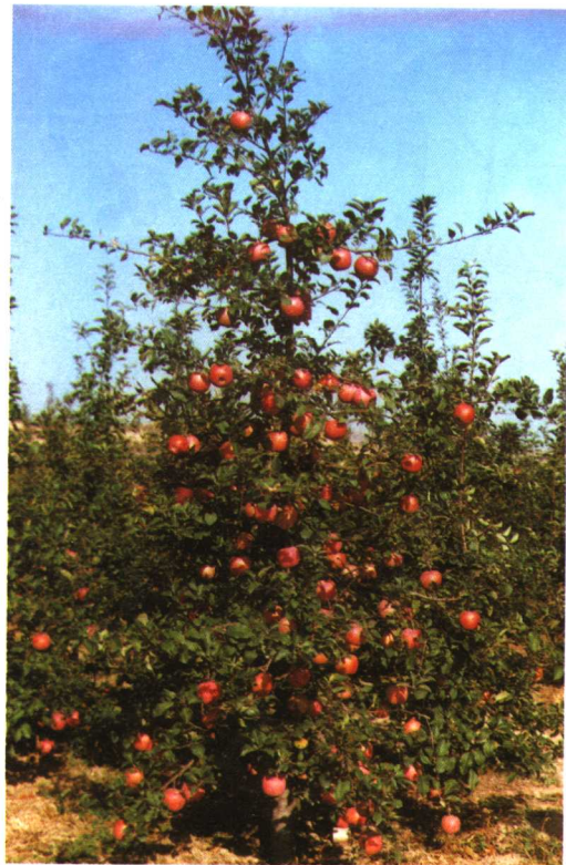
结果的主干形红富士 苹果树（杨良杰摄）
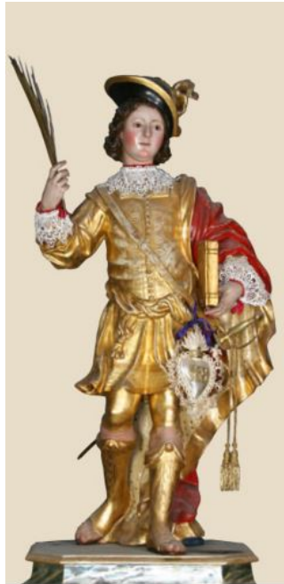
Fig. 3 - Duomo de Cagliari, altar de S. Isidoro: estatua de S. Saturnino.
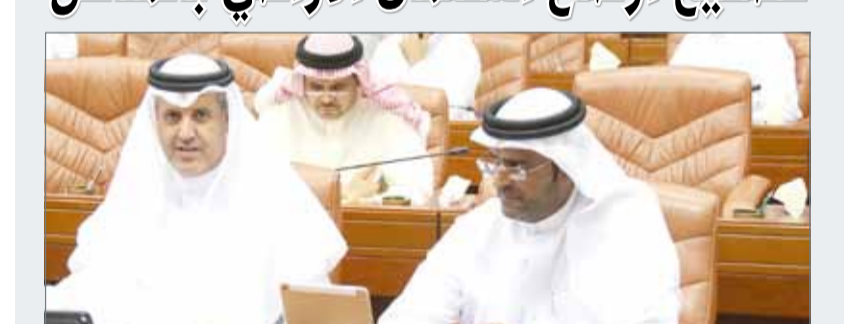
خليفة الغانم وعبدالله بن حويل

استعمال الأراضي بمختلف المناطق. وفي موضوع آخر، طمأن الوزير النائب عبدالرحمن بوعلي وبقيّة النواب أن المجلس الأعلى للبيئة يرفض أي طلب لفتح مصنع لا يستوفي الاشتراطات البيئية المطلوبة والمعايير الموضوعية لذلك فضلا عن إجراء زيارات ومراجعات للمصانع.

— BRIEF —
Transcribe the data exactly, minus any images.

— ANSWER TO THE PROBLEM —
结果的主干形红富士 苹果树（杨良杰摄）
Fig. 3 - Duomo de Cagliari, altar de S. Isidoro: estatua de S. Saturnino.
خليفة الغانم وعبدالله بن حويل

استعمال الأراضي بمختلف المناطق. وفي موضوع آخر، طمأن الوزير النائب عبدالرحمن بوعلي وبقيّة النواب أن المجلس الأعلى للبيئة يرفض أي طلب لفتح مصنع لا يستوفي الاشتراطات البيئية المطلوبة والمعايير الموضوعية لذلك فضلا عن إجراء زيارات ومراجعات للمصانع.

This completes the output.